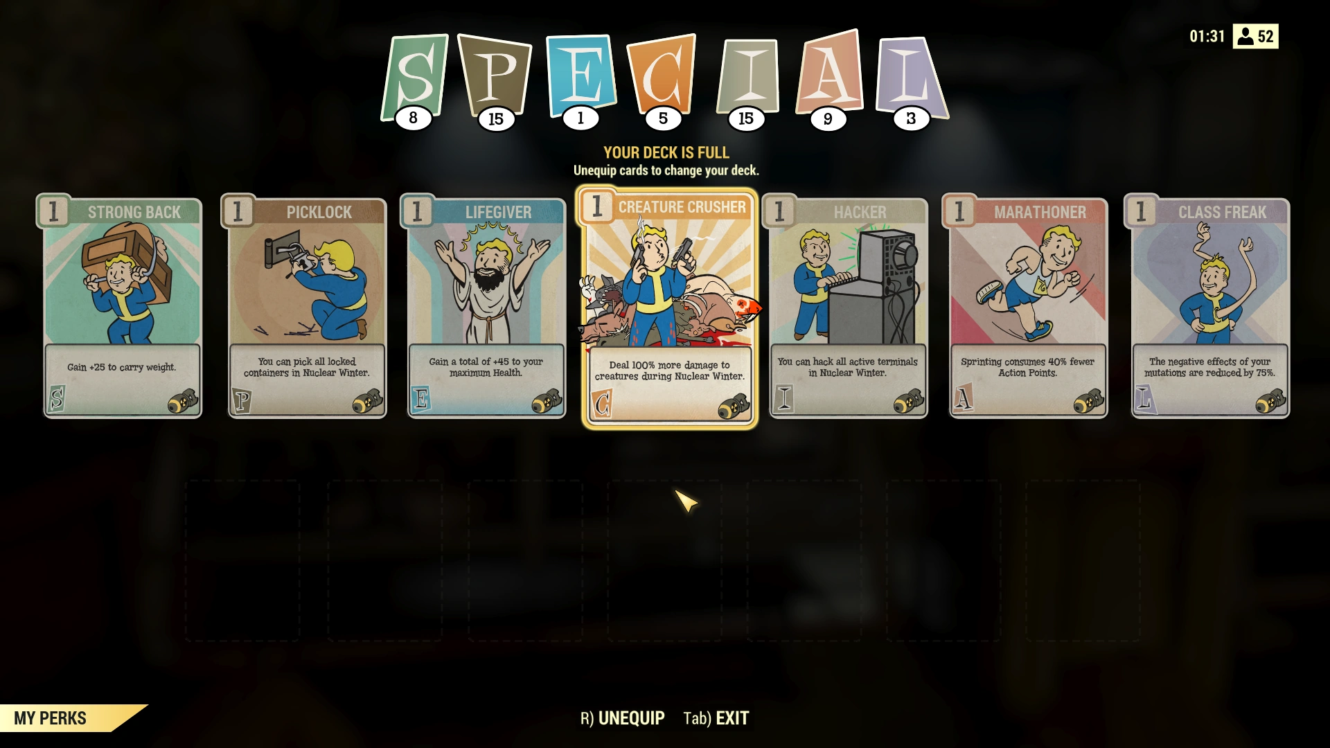 This page covers perks available in Nuclear Winter. Unlike the base game, all perks come in a single, top level grade. Packs received on Overseer level up also provide a single perk card, as opposed to five in the regular game.
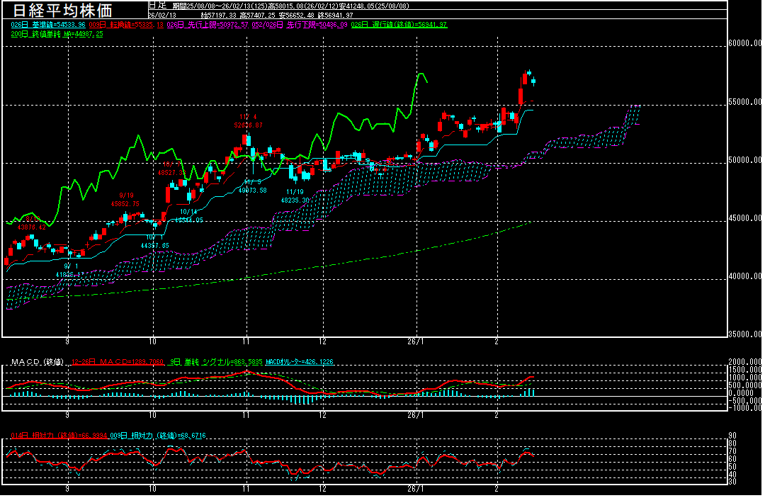 テクニカル的な買われ過ぎ感に加えて、昨晩の米国市場で人工知能(AI)の普及により既存のビジネスモデルが脅かされるとの懸念が再燃し、主要3指数が揃って続落する中、幅広い銘柄に利売りが出たようです。一時56652.48円まで下げるも、安値は買い拾われております。
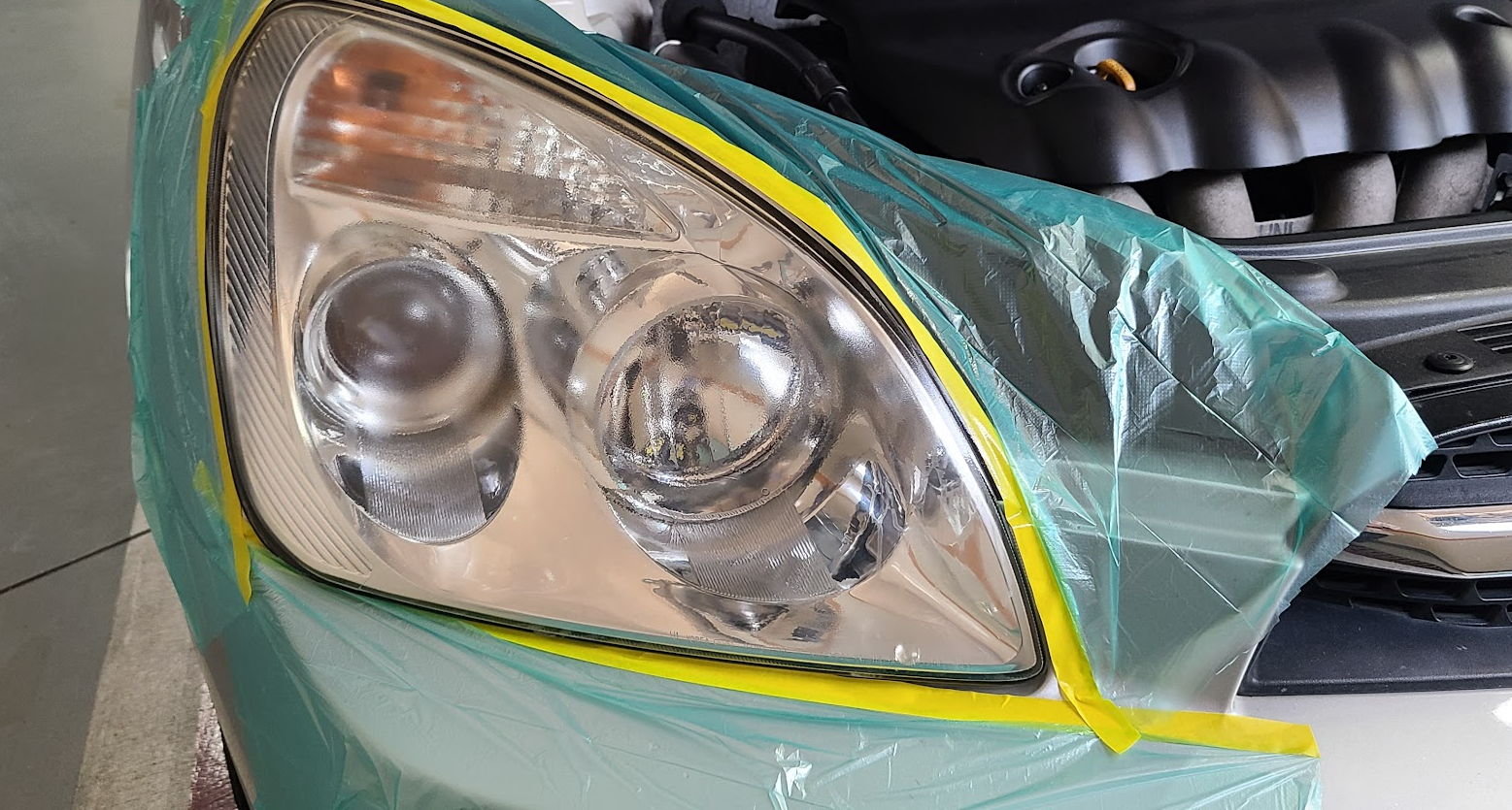 동봉된 마스킹테이프로 헤드라이트 주위를 붙여준다.
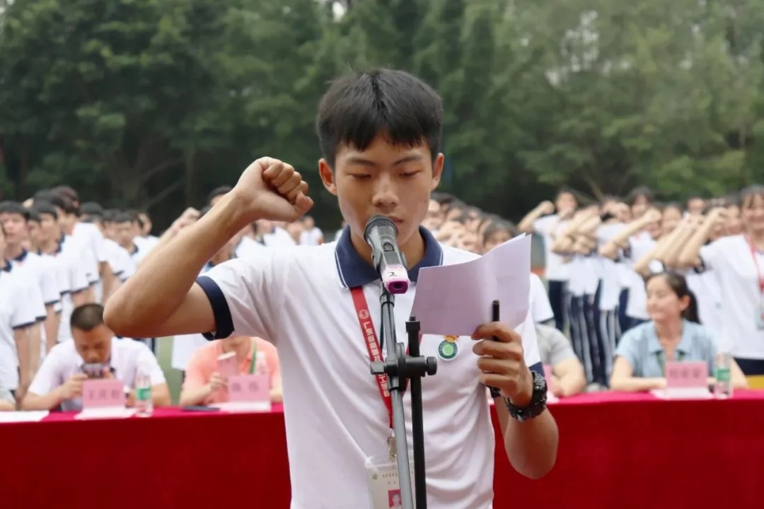 振奮人心的音樂回蕩在足球場上,同學(xué)們斗志昂揚地唱著團(tuán)歌。
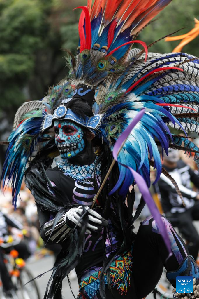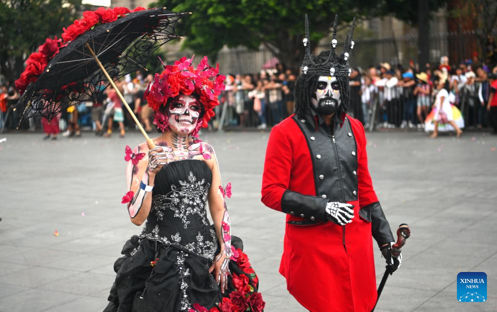 People in costumes and facial makeup participate in the Day of the Dead Parade in downtown Mexico City, capital of Mexico, Nov. 1, 2025. (Xinhua/Li Mengxin)
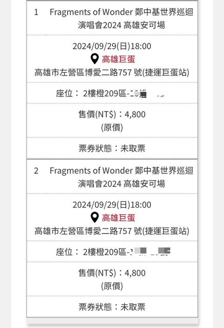 標題[交易] 售 鄭中基9/29演唱會連號門票
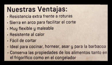 - El lado brillante aísla del calor y del frío. Si se desea mantener la temperatura del alimento el mayor tiempo posible aislado de las variaciones, se debe envolver en contacto con la parte opaca y la brillante hacia fuera, ejemplo: para llevar comida al trabajo, picnig, etc.
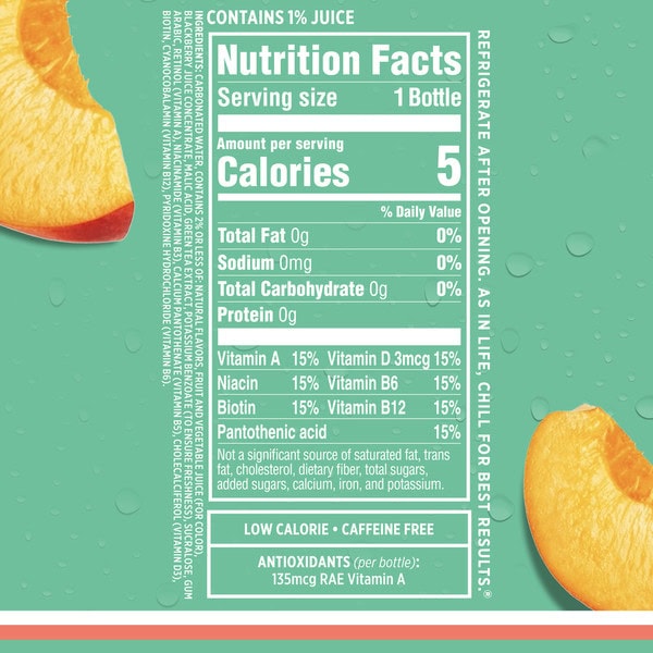 Carbonated Water, Contains 2% Or Less Of: Peach Juice Concentrate, Beta Carotene (for Color), Paprika Oleoresin (for Color), Natural Flavors, Green Tea Extract, D-alpha-tocopherol Acetate (vitamin E), Niacinamide (vitamin B3), Calcium Pantothenate (vitamin B5), Pyridoxine Hydrochloride (vitamin B6), Biotin, Cyanocobalamin (vitamin B12), Sucralose, Citric Acid, Tartaric Acid, Gum Arabic, Ester Gum, Calcium Disodium Edta (to Protect Flavor), Potassium Benzoate (to Ensure Freshness)
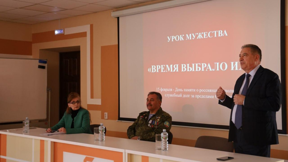 12 февраля 2026 года в Астраханском государственном техническом университете состоялся урок мужества «Время выбрало их», приуроченный к Дню памяти о россиянах, исполнявших служебный долг за пределами Отечества. Мероприятие организовано музеем истории АГТУ совместно с региональными отделениями Поискового движения России и Бессмертного полка России.
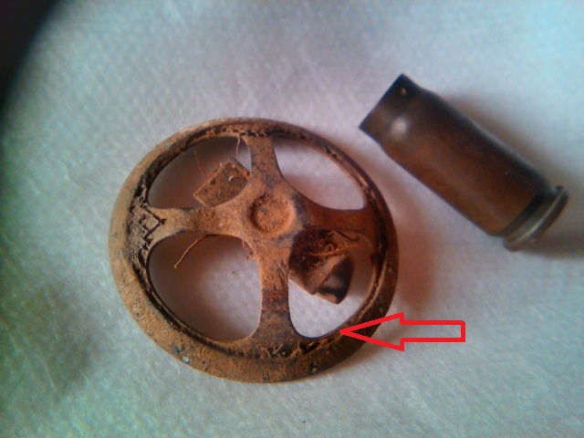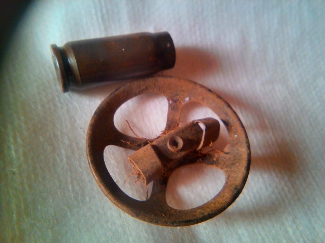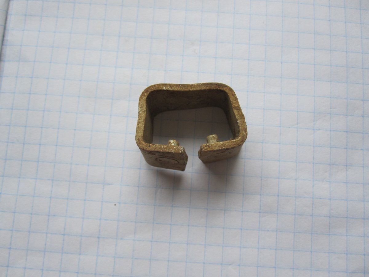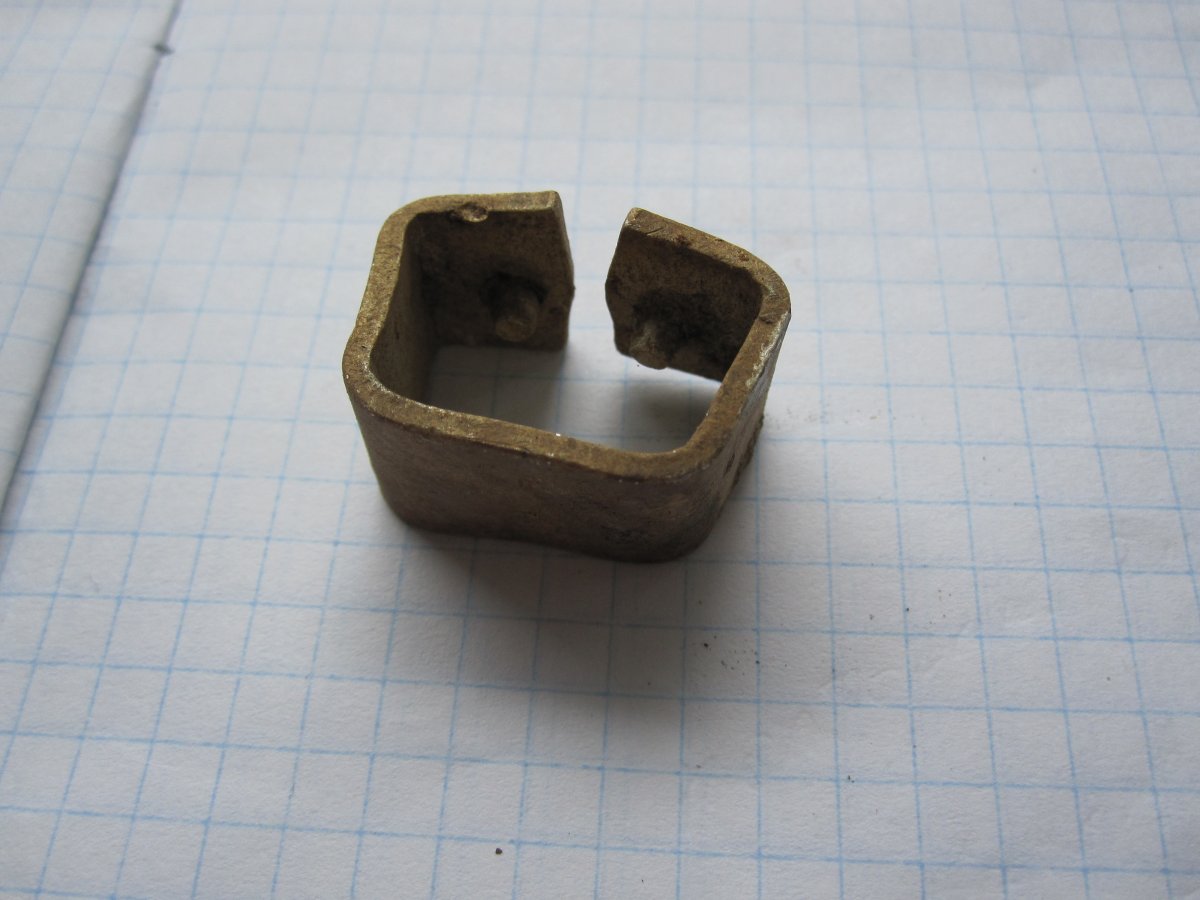 Добрый вечер! Продолжение по лагерным находкам. Вот такая деталька от какого-то механизма, сделана из латуни. С одной стороны была закрыта мелкой стальной сеткой (для фильтра? ) Сетка прогнила и отвалилась, остатки её видны на фото 2:
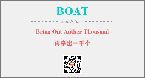 英文缩略词“BOAT”经常作为“Bring Out Anther Thousand”的英文缩写来使用,中文表示:“再拿出一千个”。本文将详细介绍英文缩写词BOAT所代表英文单词,其对应的中文拼音、详细解释以及在英语中的流行度。此外,还有关于缩略词BOAT的分类、应用领域及相关应用示例等。
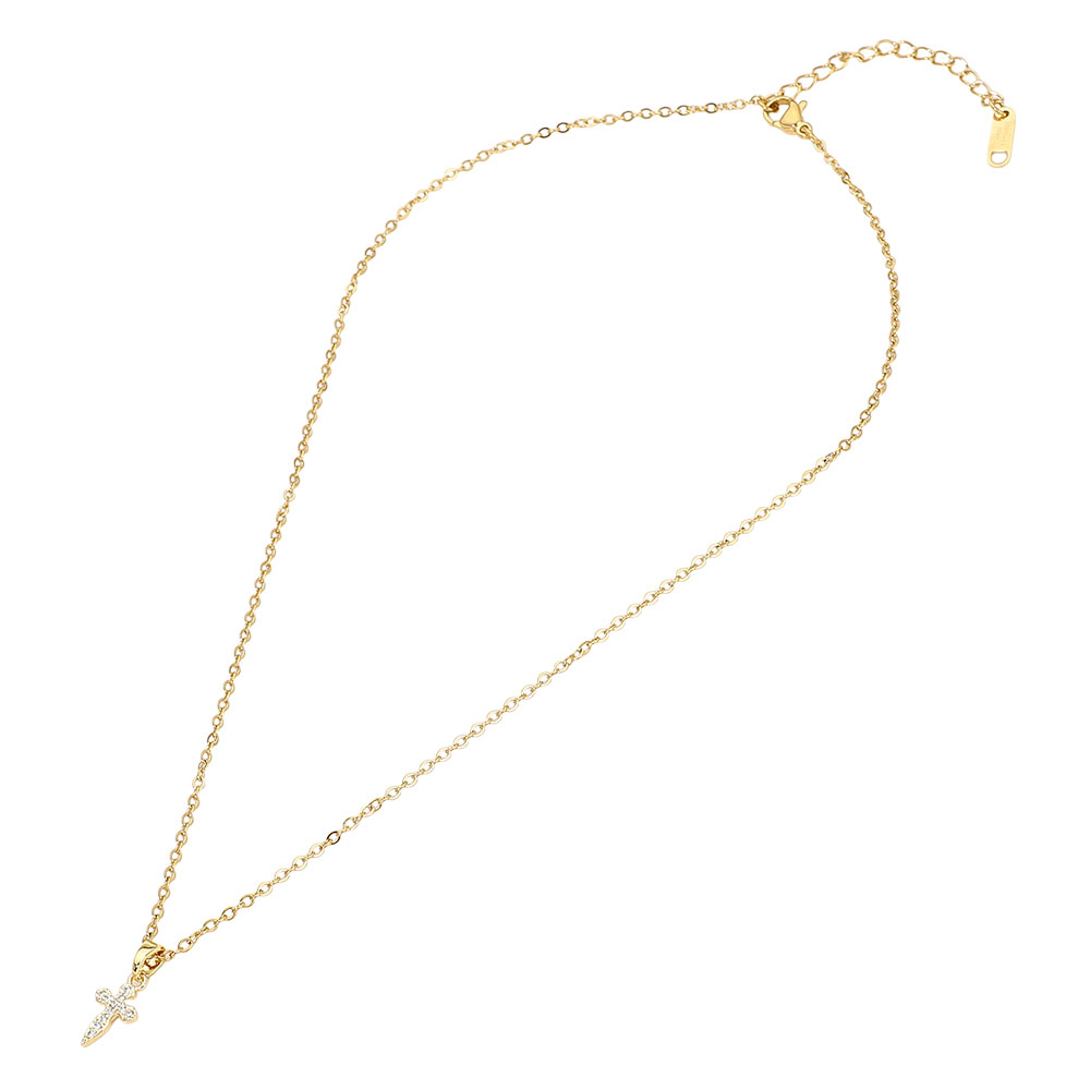 Details • Necklace Size : 15.5" + 2" L • Pendant Size : 0.25" X 0.7" • Delicate mini cross pendant necklace designed with a refined cz pave-inspired look for subtle sparkle and everyday elegance. Ideal for layering or wearing alone, this timeless necklace appeals to customers seeking meaningful jewelry with a modern, minimal feel, making it a versatile addition to boutique, gift, and faith-inspired accessory collections. • CZ Cubic Zirconia • Stainless Steel
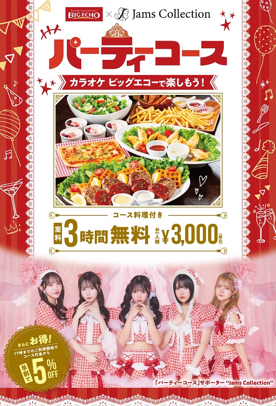 アイドルグループ Jams Collectionが、カラオケビッグエコー パーティーコース サポーターに就任した。最新楽曲『シンデレラマインド』がそのサポーターソングに決定。1日より全国のカラオケビッグエコー店頭にて『シンデレラマインド』をテーマソングにJams Collectionメンバーが登場するパーティーコースCMが放送開始される。
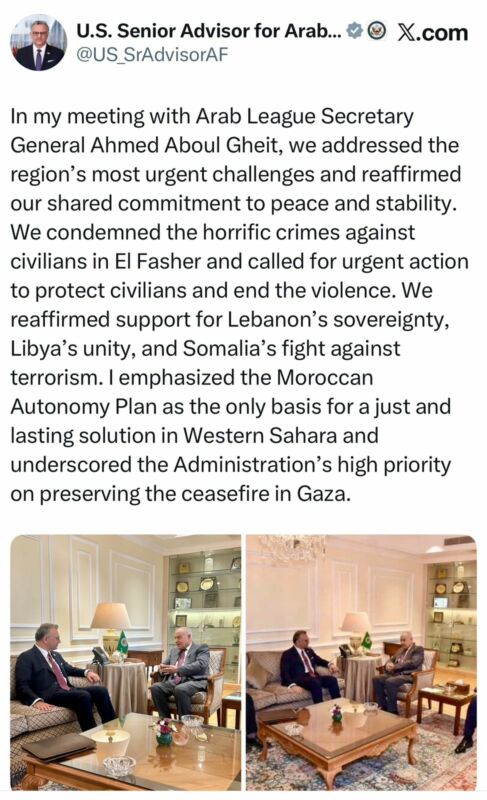 مسعد بولس: أكدت في لقائي مع الأمين العام لجامعة الدول العربية ان مبادرة الحكم الذاتي المغربية هي الحل الوحيد والعادل لقضية الصحراء
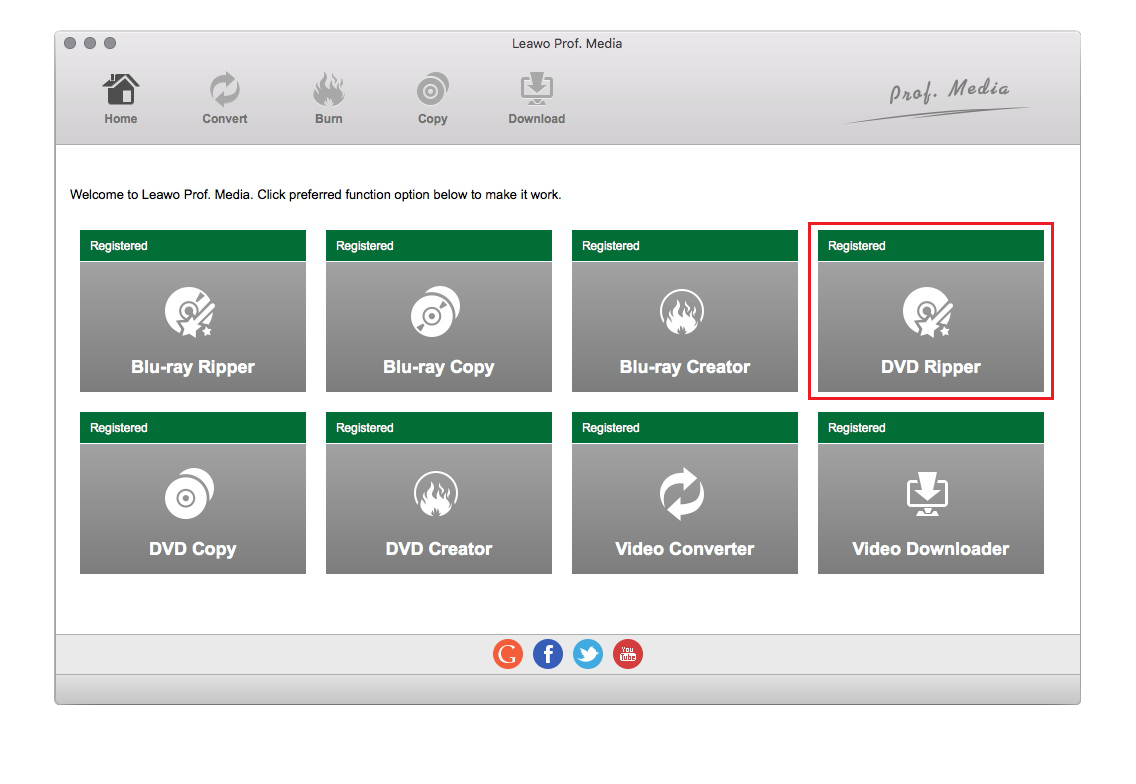 正式上线 Leawo Prof. Media 在您的MacBook上。然后点击菜单栏上的“蓝光/DVD翻录器”选项或“转换”选项,进入DVD翻录器模块。

....

Exercise directions :: Output the entries exactly and keep every picture out of them.

Written answer ::
 This page covers perks available in Nuclear Winter. Unlike the base game, all perks come in a single, top level grade. Packs received on Overseer level up also provide a single perk card, as opposed to five in the regular game.
 テクニカル的な買われ過ぎ感に加えて、昨晩の米国市場で人工知能(AI)の普及により既存のビジネスモデルが脅かされるとの懸念が再燃し、主要3指数が揃って続落する中、幅広い銘柄に利売りが出たようです。一時56652.48円まで下げるも、安値は買い拾われております。
 동봉된 마스킹테이프로 헤드라이트 주위를 붙여준다.
 振奮人心的音樂回蕩在足球場上,同學(xué)們斗志昂揚地唱著團(tuán)歌。
 People in costumes and facial makeup participate in the Day of the Dead Parade in downtown Mexico City, capital of Mexico, Nov. 1, 2025. (Xinhua/Li Mengxin)
 標題[交易] 售 鄭中基9/29演唱會連號門票
 - El lado brillante aísla del calor y del frío. Si se desea mantener la temperatura del alimento el mayor tiempo posible aislado de las variaciones, se debe envolver en contacto con la parte opaca y la brillante hacia fuera, ejemplo: para llevar comida al trabajo, picnig, etc.
 Carbonated Water, Contains 2% Or Less Of: Peach Juice Concentrate, Beta Carotene (for Color), Paprika Oleoresin (for Color), Natural Flavors, Green Tea Extract, D-alpha-tocopherol Acetate (vitamin E), Niacinamide (vitamin B3), Calcium Pantothenate (vitamin B5), Pyridoxine Hydrochloride (vitamin B6), Biotin, Cyanocobalamin (vitamin B12), Sucralose, Citric Acid, Tartaric Acid, Gum Arabic, Ester Gum, Calcium Disodium Edta (to Protect Flavor), Potassium Benzoate (to Ensure Freshness)
 12 февраля 2026 года в Астраханском государственном техническом университете состоялся урок мужества «Время выбрало их», приуроченный к Дню памяти о россиянах, исполнявших служебный долг за пределами Отечества. Мероприятие организовано музеем истории АГТУ совместно с региональными отделениями Поискового движения России и Бессмертного полка России.
 Добрый вечер! Продолжение по лагерным находкам. Вот такая деталька от какого-то механизма, сделана из латуни. С одной стороны была закрыта мелкой стальной сеткой (для фильтра? ) Сетка прогнила и отвалилась, остатки её видны на фото 2:
 英文缩略词“BOAT”经常作为“Bring Out Anther Thousand”的英文缩写来使用,中文表示:“再拿出一千个”。本文将详细介绍英文缩写词BOAT所代表英文单词,其对应的中文拼音、详细解释以及在英语中的流行度。此外,还有关于缩略词BOAT的分类、应用领域及相关应用示例等。
 Details • Necklace Size : 15.5" + 2" L • Pendant Size : 0.25" X 0.7" • Delicate mini cross pendant necklace designed with a refined cz pave-inspired look for subtle sparkle and everyday elegance. Ideal for layering or wearing alone, this timeless necklace appeals to customers seeking meaningful jewelry with a modern, minimal feel, making it a versatile addition to boutique, gift, and faith-inspired accessory collections. • CZ Cubic Zirconia • Stainless Steel
 アイドルグループ Jams Collectionが、カラオケビッグエコー パーティーコース サポーターに就任した。最新楽曲『シンデレラマインド』がそのサポーターソングに決定。1日より全国のカラオケビッグエコー店頭にて『シンデレラマインド』をテーマソングにJams Collectionメンバーが登場するパーティーコースCMが放送開始される。
 مسعد بولس: أكدت في لقائي مع الأمين العام لجامعة الدول العربية ان مبادرة الحكم الذاتي المغربية هي الحل الوحيد والعادل لقضية الصحراء
 正式上线 Leawo Prof. Media 在您的MacBook上。然后点击菜单栏上的“蓝光/DVD翻录器”选项或“转换”选项,进入DVD翻录器模块。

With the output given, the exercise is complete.